WORK ITEM:
Please print the listing that follows word for word, but skip any pictures it holds.

MATERIAL PROVIDED:
....................

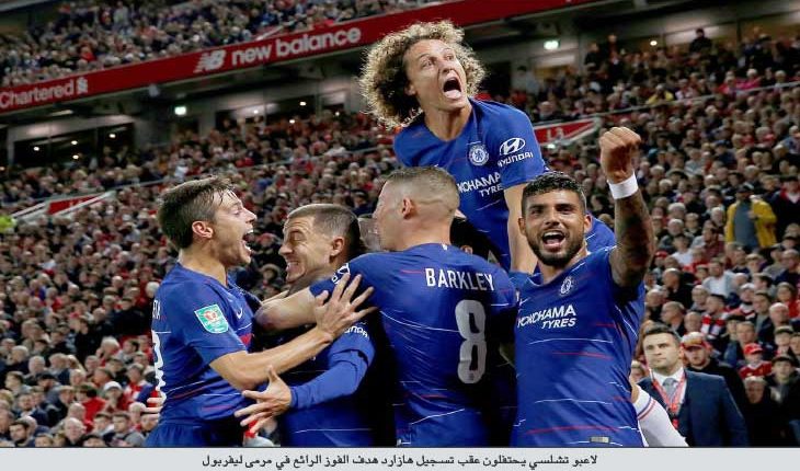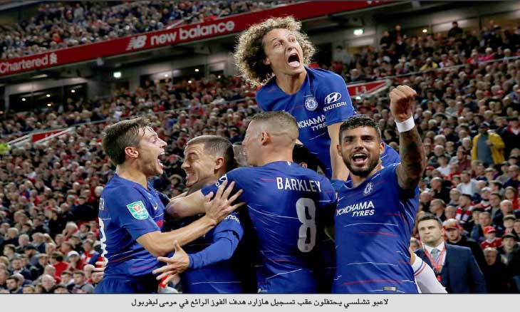 واستهل ليفربول الموسم بتحقيق ستة انتصارات متتالية في الدوري الممتاز بجانب فوزه في دوري أبطال أوروبا لكنه خرج من كأس الرابطة بعد عزف منفرد من هازارد منح فريق المدرب ماوريتسيو ساري هدف الانتصار في الدقيقة 85. ووضع مهاجم تشلسي السابق دانييل ستاريدج ليفربول في المقدمة في الدقيقة 58 بتسديدة بهلوانية ليعوض فرصة أضاعها أمام مرمى مفتوح. وتعادل ايمرسون لتشلسي في الدقيقة 79 من متابعة لتسديدة بالرأس من روس باركلي ارتدت من الحارس سيمون مينيوليه بعد ركلة حرة نفذها هازارد. وراجع حكم الفيديو الهدف وأثبت صحته رغم أن يورغن كلوب مدرب ليفربول شعر بأنه كان يجب أن يلغى بداعي التسلل. وحسم النجم البلجيكي الذي نزل بديلا في الدقيقة 56، اللقاء بعد مراوغة العديد من لاعبي ليفربول وأنهى الهجمة التي قادها بنفسه بشكل رائع. وقال جانفرانكو زولا مساعد مدرب تشلسي: «إنه هدف مذهل. ليس فقط بسبب جماله بل لتوقيته أيضا. هازارد ليس أحد أفضل لاعبي الدوري الانكليزي وحسب، إن لم يكن الأفضل، بل أحد أفضل اللاعبين في أوروبا والعالم». وأضاف: «من وجهة نظري لم نشاهد أفضل ما لديه بعد. إنه مبهر». وسيتجدد اللقاء بين الفريقين في استاد «ستامفورد بريدج» غدا السبت في الدوري الممتاز. وحقق وستهام فوزا ساحقا 8-صفر على مكليسفيلد المنتمي للدرجة الثالثة، كما سجل داني ويلبيك هدفين في فوز أرسنال 3-1 على برينتفورد. وبلغ توتنهام دور 16 بتغلبه بركلات الترجيح 4-2 على واتفورد في مواجهة بين فريقين من الدوري الممتاز انتهى وقتها الأصلي بالتعادل 2-2. وتغلب نوتنغهام فورست 3-2 على ستوك في لقاء بين فريقين من الدرجة الأولى.
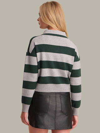 ANNE KLEIN Womens Black Striped Long Sleeve Collared Top Size: XS
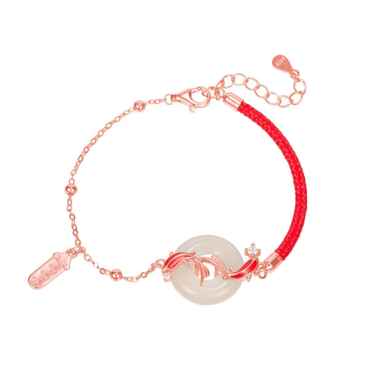 The ashore koi peace pendant with a red string and natural chalcedony is a fashionable and versatile jewelry for the zodiac year
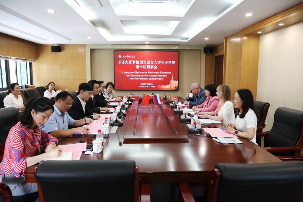 6月6日下午,俄罗斯下诺夫哥罗德国立语言大学(下语大)校长尼康诺娃(Nikonova Zhanna)、国际处处长安尼先科(Anishchenko Anatoly)、下语大孔子学院外方院长普罗沃托罗娃安娜(Provotorova Anna)一行来访我校并出席下语大孔子学院第十届理事会。我校校长董洪川、副校长祝朝伟、国际合作与交流处处长张幼斌、计划财务处处长于全辉、国际合作与交流处副处长朱红、下语大孔子学院中方院长敬菁华出席本次会议。会议由张幼斌主持,俄语学院教师付景担任翻译。

....................

OUTPUT OF THE EXERCISE:
 واستهل ليفربول الموسم بتحقيق ستة انتصارات متتالية في الدوري الممتاز بجانب فوزه في دوري أبطال أوروبا لكنه خرج من كأس الرابطة بعد عزف منفرد من هازارد منح فريق المدرب ماوريتسيو ساري هدف الانتصار في الدقيقة 85. ووضع مهاجم تشلسي السابق دانييل ستاريدج ليفربول في المقدمة في الدقيقة 58 بتسديدة بهلوانية ليعوض فرصة أضاعها أمام مرمى مفتوح. وتعادل ايمرسون لتشلسي في الدقيقة 79 من متابعة لتسديدة بالرأس من روس باركلي ارتدت من الحارس سيمون مينيوليه بعد ركلة حرة نفذها هازارد. وراجع حكم الفيديو الهدف وأثبت صحته رغم أن يورغن كلوب مدرب ليفربول شعر بأنه كان يجب أن يلغى بداعي التسلل. وحسم النجم البلجيكي الذي نزل بديلا في الدقيقة 56، اللقاء بعد مراوغة العديد من لاعبي ليفربول وأنهى الهجمة التي قادها بنفسه بشكل رائع. وقال جانفرانكو زولا مساعد مدرب تشلسي: «إنه هدف مذهل. ليس فقط بسبب جماله بل لتوقيته أيضا. هازارد ليس أحد أفضل لاعبي الدوري الانكليزي وحسب، إن لم يكن الأفضل، بل أحد أفضل اللاعبين في أوروبا والعالم». وأضاف: «من وجهة نظري لم نشاهد أفضل ما لديه بعد. إنه مبهر». وسيتجدد اللقاء بين الفريقين في استاد «ستامفورد بريدج» غدا السبت في الدوري الممتاز. وحقق وستهام فوزا ساحقا 8-صفر على مكليسفيلد المنتمي للدرجة الثالثة، كما سجل داني ويلبيك هدفين في فوز أرسنال 3-1 على برينتفورد. وبلغ توتنهام دور 16 بتغلبه بركلات الترجيح 4-2 على واتفورد في مواجهة بين فريقين من الدوري الممتاز انتهى وقتها الأصلي بالتعادل 2-2. وتغلب نوتنغهام فورست 3-2 على ستوك في لقاء بين فريقين من الدرجة الأولى.
 ANNE KLEIN Womens Black Striped Long Sleeve Collared Top Size: XS
 The ashore koi peace pendant with a red string and natural chalcedony is a fashionable and versatile jewelry for the zodiac year
 6月6日下午,俄罗斯下诺夫哥罗德国立语言大学(下语大)校长尼康诺娃(Nikonova Zhanna)、国际处处长安尼先科(Anishchenko Anatoly)、下语大孔子学院外方院长普罗沃托罗娃安娜(Provotorova Anna)一行来访我校并出席下语大孔子学院第十届理事会。我校校长董洪川、副校长祝朝伟、国际合作与交流处处长张幼斌、计划财务处处长于全辉、国际合作与交流处副处长朱红、下语大孔子学院中方院长敬菁华出席本次会议。会议由张幼斌主持,俄语学院教师付景担任翻译。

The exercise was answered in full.